Sounds familiar… or sounds similar? What’s in a name?

13 May 2008

The choice of a company’s domain name has raised smiles and blood pressures recently and led to some entertaining revelations.

Caroline Hayes

There are just ideas that prompt the response ‘I wish I’d thought of that!’ Buying domain names before the big boys is one of them.

You have to admire the man in the US who bought and maintained the domain name pizza.com since 1994. It cost Chris Clarke of Maryland around £180 over the 14 years. He sold it on an online auction for $2.6million (around £1.3million).
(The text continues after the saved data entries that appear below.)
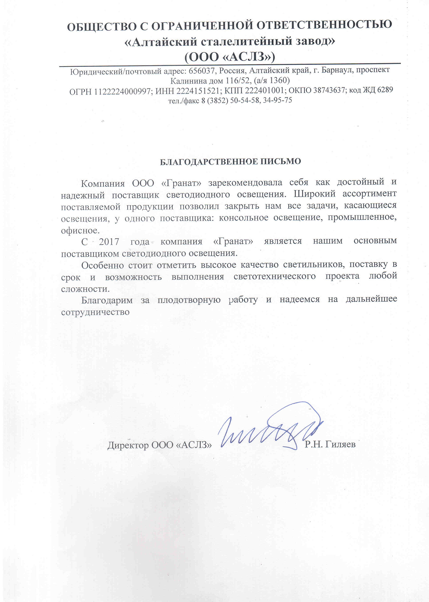 Выражаем глубокую признательность и желание дальнейшего сотрудничества с ООО "Гранат" в области поставок светодиодного оборудования."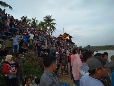 Kuansing, RanahRiau.com- Dentuman meriam diiringi sorak sorai Puluhan Ribu penonton dihari ketiga yang merupakan hari terakhir pacu jalur, mewarnai kepadatan disepanjang arena pacu jalur rayon IV topian datuak simambang rajo nan putiah desa pulau komang Sentajo, kecamatan sentajo raya Kabupaten Kuantan Singingi sabtu (29/7/2017)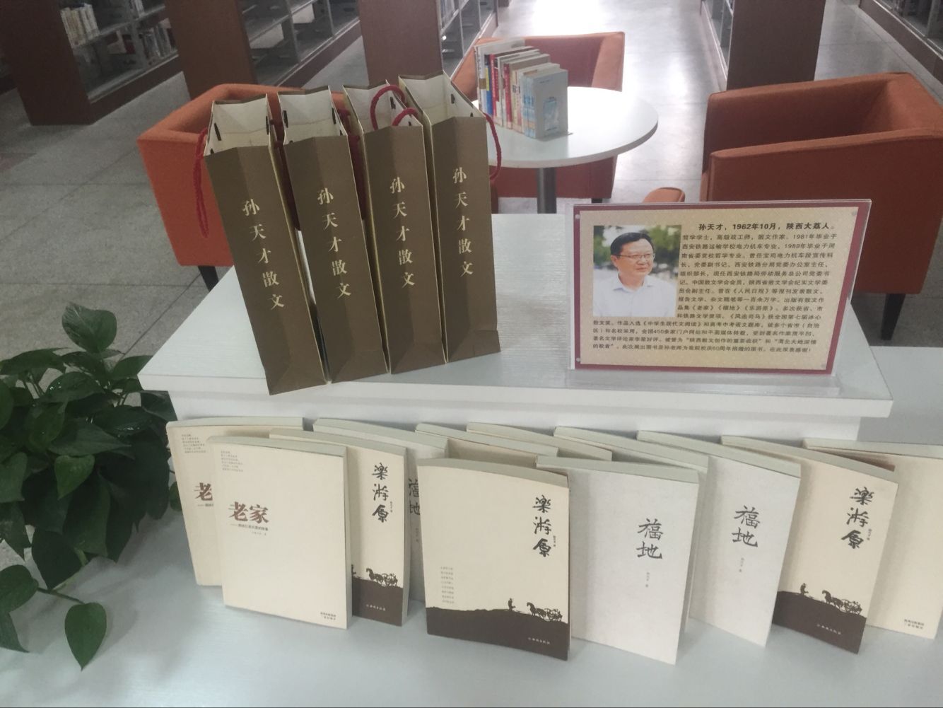 元月4日,鸭脖78级校友孙天才系列作品在图书馆一楼大厅展出。孙天才先生是中国散文学会会员,陕西省散文学会纪实文学委员会副主任,现任西安铁路局劳动服务总公司党委书记。曾在《人民日报》等报刊发表散文、报告文学、杂文随笔一百余万字,多次获省、市和铁路文学奖项。《风追司马》获全国第七届冰心散文奖,受到著名作家贾平凹、著名文学评论家李星好评。被誉为“陕西散文创作的重要收获”和“渭北大地深情的歌者”。在2016年学院60华诞之际,为母校图书馆赠送《福地》、《乐游园》、《老家》等书籍。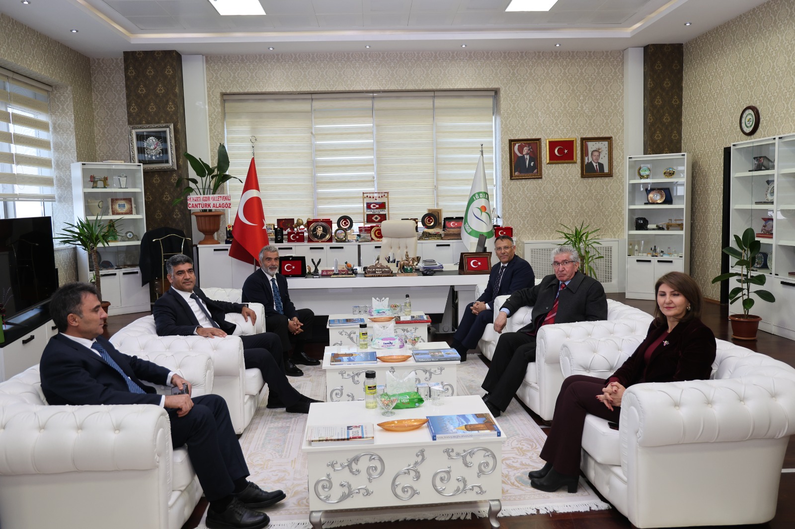Iğdır Milletvekili Cantürk Alagöz, AK Parti Iğdır İl Başkanı Ali Kemal Ayaz ve beraberindeki heyet ile birlikte Rektörümüz Prof. Dr. Ekrem Gürel’e nezaket ziyaretinde bulundu.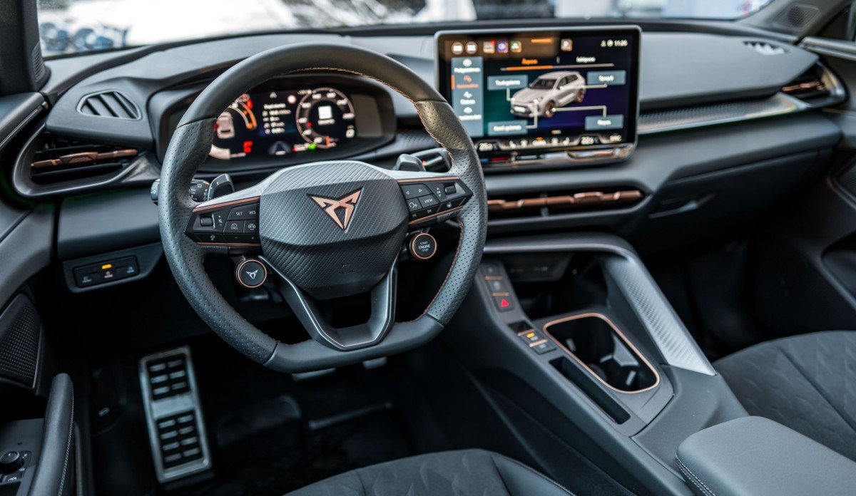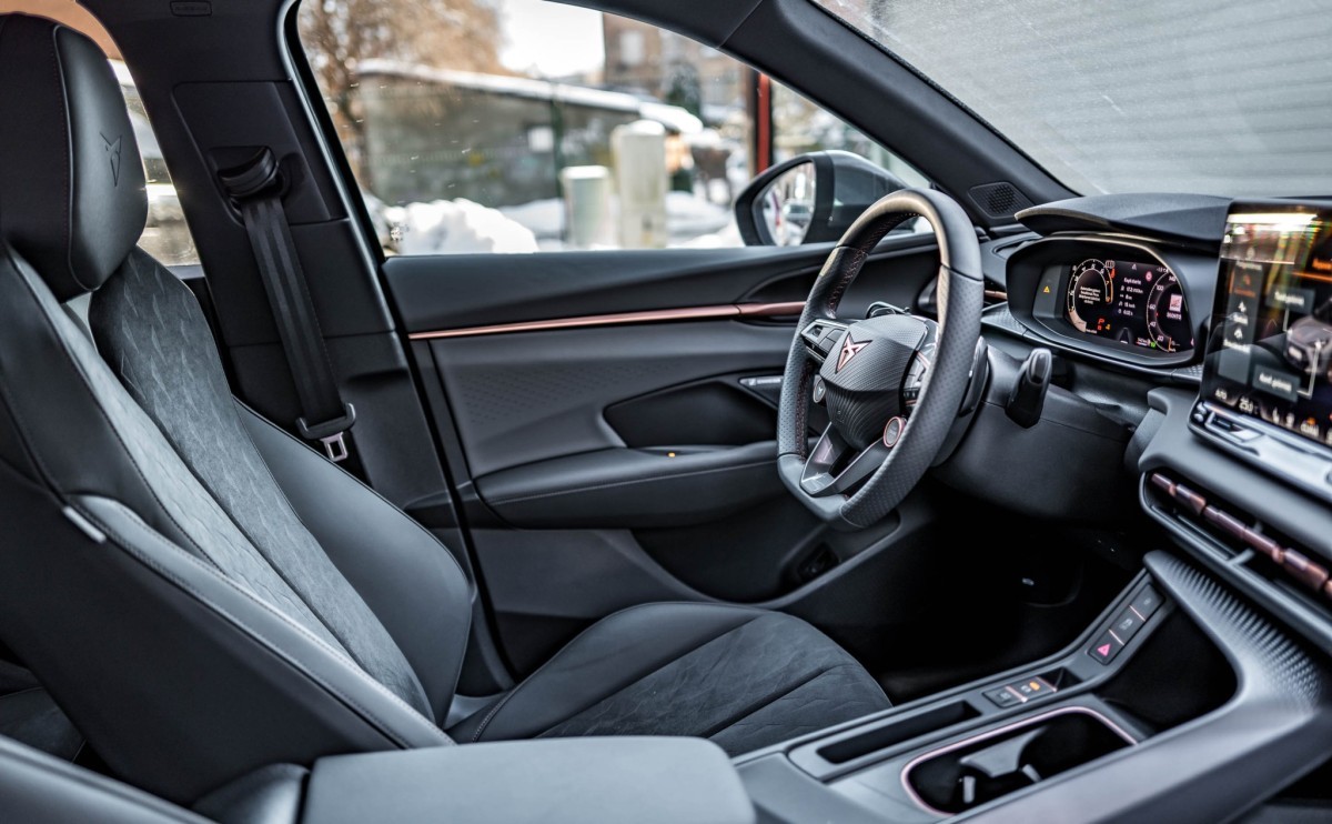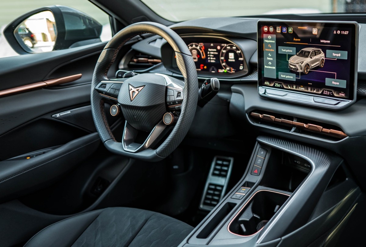 Arī automobiļa salonā valda sportiskāks gars, jo “Terramar” priekšējais panelis orientēts vadītāja virzienā, tā centrā novietots 12.9 collu skārienjutīgais ekrāns. Vidējā konsole priekšējā paneļa virzienā kļūst augstāka, atgādinot sēdēšanu kādas sacīkšu automašīnas kokpitā. Šo sajūtu pastiprina zemā sēdpozīcija. Fizisko taustiņu klātbūtne ir visai minimāla - ja nu vienīgi uz stūres, audio sistēmas un kruīza kontroles vadībai. Pārējās funkcijas nākas regulēt multimediju sistēmas ekrānā. Tas piedāvā asu attēlu un labu reakciju, arī izvēlnes kopumā ir saprotamas un daudz vieglāk lietojamas nekā agrākajos “Cupra” modeļos. Par salona apdari rodas augstvērtīgs iespaids. Pārsvarā ir izmantoti mīksti, taustei patīkami materiāli un “Alcantara” mākslīgā zamšāda. Atsevišķi dizaina elementi veidoti no cietākas plastmasas, bet tie ir prasmīgi izmantoti, lai padarītu salonu interesantāku.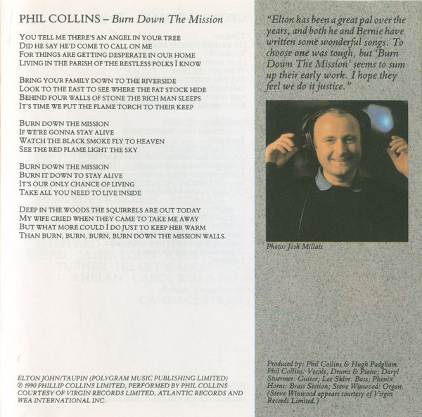 Phil Collins The Serious Band Bass – Leland Sklar Brass – The Phenix Horns Guitar – Daryl Stuermer Organ – Steve Winwood Producer – Hugh Padgham Producer – Phil Collins Vocals, Drums, Piano – Phil Collins |

We should have seen it coming. North America has a great phone number system where businesses can use the dial to spell out the business on the phone number; making it easy for customers to remember to dial 74992 for PIZZA, for example. About 15 years ago, someone bought all the phone numbers spelling out pizza, petals (for florists) etc and cleaned up as they sold them to local businesses. All together, now: ‘I wish I’d thought of that.’ The trouble with these ruses is that you can only do them once. No-one would be daft enough to fall for the same trick again – would they?

Apparently, the worldwide web caught us all unawares. Cybersquatting, taking a domain name that could be used by another business, is on the increase. Some time ago, there was a case where someone registered Cadbury as a website for their public relations business. The PR man offered to sell the domain to the chocolate maker for a vast sum. Cadbury argued that the company had a stronger claim to the name and it was, after a court hearing, surrendered with the judge reasoning that no-one would click onto Cadbury.com expecting to read all about marketing services instead of yummy chocolate. There was no litigation then, just a ruling and the surrender of the domain name.

I was talking to some people from Sundance recently, not for a screen test, but to find out more about the mixed COTS DSP and FPGA architectures, hardware boards and software that the English company designs and manufacturers. It registered Sundance.com many years ago and then received a phone call from the States. Robert Redford’s people wanted the company to stop using the domain name as it was needed for the Sundance film festival. David stood up to Goliath, arguing that it had a valid reason for the domain name and had got in first. Apparently, the price offered for choosing another domain name increased but the film festival, while it may rank higher in a Google search, is to be found at sundance.org, and sundance.com remains the site if you are looking for DSP boards.

According to Josh Bourne of Fair Winds Partners, an internet strategy consultancy, there is a distinction between the fraudulent abuse of domain registration, (or malicious cybersquatting), and coincidences like Sundance. In the US there has been anti-cybersquatting legislation since 1999 but that does not seem to be preventing these shenanigans. With one million sites registered each day, the appropriation of names that can infringe trademarks or mislead visitors is a large problem.

Last year, there were 2,156 complaints alleging cybersquatting filed with the World Intellectual Property Organisation, the United Nations agency responsible for protecting IP worldwide. This may seem insignificant compared to the daily site registration rate, but is 18 per cent more than in 2006 and 48 per cent more complaints than received in 2005. Cybersquatting and ‘cyber-tasting’, where a domain name can be registered and traffic monitored for five days before it has to be bought or relinquished, are thought to cost companies around $1billion each year in diverted sales, loss of goodwill and the expense of safeguarding or defending their .com name.

I am just off to check that no-one has registered carolinehayesforworldleader.com yet.